Ein wichtiger Aspekt der Erfindung ist die Fähigkeit, für eine große Anzahl von Verbindungen
(wirkungsvollen Treffern) eine Profilbestimmung auszuführen, um
im Hinblick auf Verfahren des Stands der Technik verbesserte Führungssubstanzen
herzustellen.
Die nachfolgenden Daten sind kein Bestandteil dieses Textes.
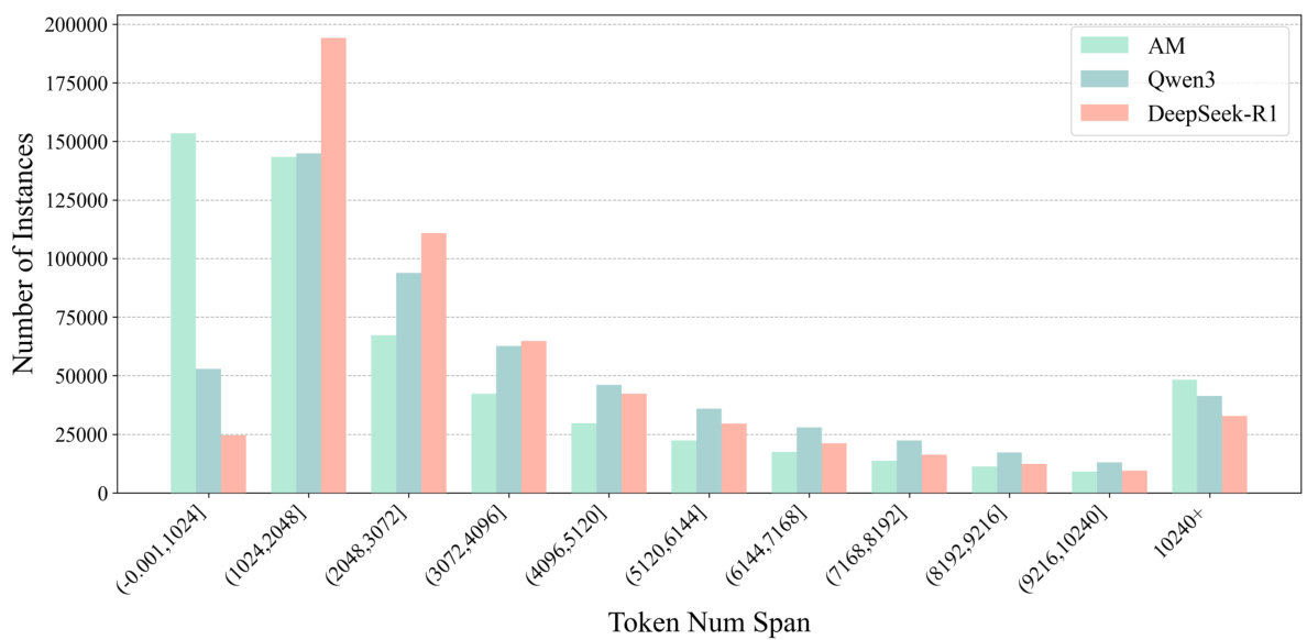 Further, Figure 3 presents the token span distribution specifically for math instances. It demonstrates that AM-Thinking-v1’s math data exhibits a highly dispersed distribution—many short sequences (under 1024 tokens) and a substantial portion of very long sequences ( $10240+$ tokens). This reflects the token distribution characteristics under a fixed query set, where AM-Thinking-v1 tends to produce both short and very long responses more frequently. In contrast, Qwen3-235B-A22B’s data generally exhibits longer token spans, indicating a tendency toward producing longer responses. DeepSeekR1’s token spans are mostly concentrated between 1k and $8\mathrm{k\Omega}$ tokens, showing a moderate range of response lengths.

Diesbezüglich,
um den Profilbestimmungsschritt (b) zu erleichtern, hat der Anmelder
ein Konzept der Hochdurchsatz-Profilbestimmung (High Throughput
Profiling „HTP") entwickelt, die
es erlaubt, zahlreiche Verbindungen (beispielsweise im Bereich von
einem bis zweihundert) schnell in vitro gegenüber einer großen Anzahl
von Zielstrukturen, wie sie oben offenbart sind, zu testen. Insbesondere
umfasst dieses HTP ein Robotersystem, das in der Lage ist, bis zu
20 Protokolle (ein Protokoll pro Zielstruktur) pro Tag auszuführen. Dieses
Verfahren ist in den Beispielen detaillierter offenbart. Grundsätzlich wird,
in einer besonderen Ausführungsform
der Erfindung, die HTP ausgeführt,
indem eine Vorrichtung verwendet wird, welche die folgenden Elemente
umfasst:
- – Arbeitsstationen,
umfassend:
- • mehrere
Inkubatoren, vorzugsweise 2 oder 3
- • eine
oder mehr Filtrierstationen
- • Reagenzien-Spender
- – Behälter, vorzugsweise
Platten und
- – Mittel,
um die Behälter
zu den verschiedenen Arbeitsstationen zu bewegen.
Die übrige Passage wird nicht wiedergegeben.